Nigerians devoted to the better parts of Sunday, October 21, to venting against the policy on social media.
I’m sure you have all received the USSD message? Welcome to Hell. Even the air will soon be taxed! #NextLevelOfDoom ⛱
— SEGA L’éveilleur®🚨 (@segalink) October 20, 2019
Then, the Office of the Communications Minister directed the Nigerian Communications Commission (NCC) to ensure that none of the telcos go through with a policy that the Minister, Dr. Isa Ali Pantami, claimed to have no knowledge of.
On Tuesday, October 22, the Body of Banks’ Chief Executive Officers (BOBCEO) issued a statement in which it distanced itself from the actions of the telco. The banks basically said MTN was acting on its own and they (the banks) had not asked telcos to charge customers.
They said the decision “on whether, and what amount, to charge a customer for accessing USSD is entirely that of the telco company, in the same way a customer is billed for calls, SMS, and data”.
It baffled Nigerians how the telco could have been acting entirely of its volition on such a sensitive matter. And anybody who was sceptical about the denial from the banks would have had their doubts justified when a document obtained by The Cable in the later hours of that same Tuesday showed that idea of end-user USSD billing was actually from the banks.
Not to get too hung up on semantics, but even though they didn’t “ask” the telcos to go ahead with it, they sure as hell came up with it.
As reported by The Cable, in a letter to the Association of Licensed Telecommunications Operators of Nigeria (ALTON) by the BOBCEO dated September 16, 2019, the bank MDs had proposed an “orderly implementation” of end-user billing for bank customers, “aligning with the standard practice for USSD billing.” That letter was signed by 13 banks.
And why did the banks propose this? Simple. The telcos, who provide the platform for the USSD service, had proposed to take a cut of NGN 4.50 per 20 seconds from the charges paid by customers to the banks.
It is well known that instant funds transfer (intra-bank) cost between nothing to as much as NGN 20.00 plus VAT for some Nigerian banks. While interbank transfers attract a charge of up to NGN 52.00 plus VAT. The telcos simply wanted the banks to give them a share of that money.

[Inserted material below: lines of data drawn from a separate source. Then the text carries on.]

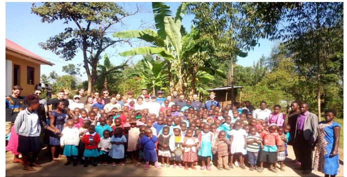
Golden hill Junior Staff, Pupils and 264 Volunteer
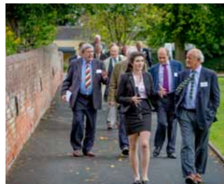
OBs on tour around the School with current pupils
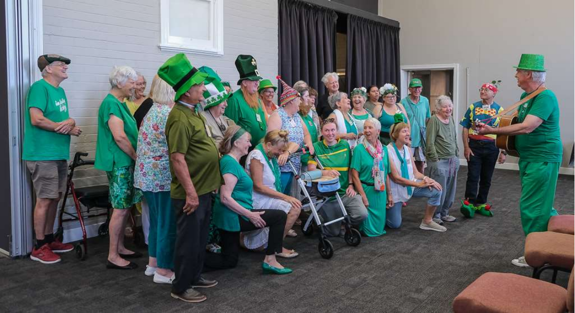
It's St Patrick's Day
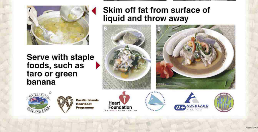
FIGURE 7 Making a Healthier Meal Using Mutton Flaps. Poster sponsored by New Zealand Beef and Lamb, the Pacific Islands Heartbeat Programme, the Heart Foundation, the Secretariat of the Pacific Community, the Auckland District Health Board, and the Pacific Islands Food and Nutrition Action Group, August 2004.

Essentially, the banks kicked against it, alleging that it would raise the cost by 450 percent. By their reckoning, this would crush the financial inclusion strides made by banks which has “helped to include almost 20 million more citizens in the financial system by building services that run on USSD.”
The above is quite a decent argument but what is not decent, however, is the idea of passing on the burden to the end-users.
“We are proposing an orderly implementation end-user billing for bank customers, aligning with the standard practice for USSD billing,” reads a part of the letter from the banks to the telcos.
It also reads:
“We trust that on understanding our concern, and the perilous impact that your stated actions will have on the National Financial Inclusion Strategy, you will implement end-user billing to ensure customers have a fair deal and a choice.”
The banks argued that reverse billing by multinational telcos has no visibility on actual sessions used which would cause bans to pay for failed sessions and leave them exposed to “spurious USSD usage that would increase costs.”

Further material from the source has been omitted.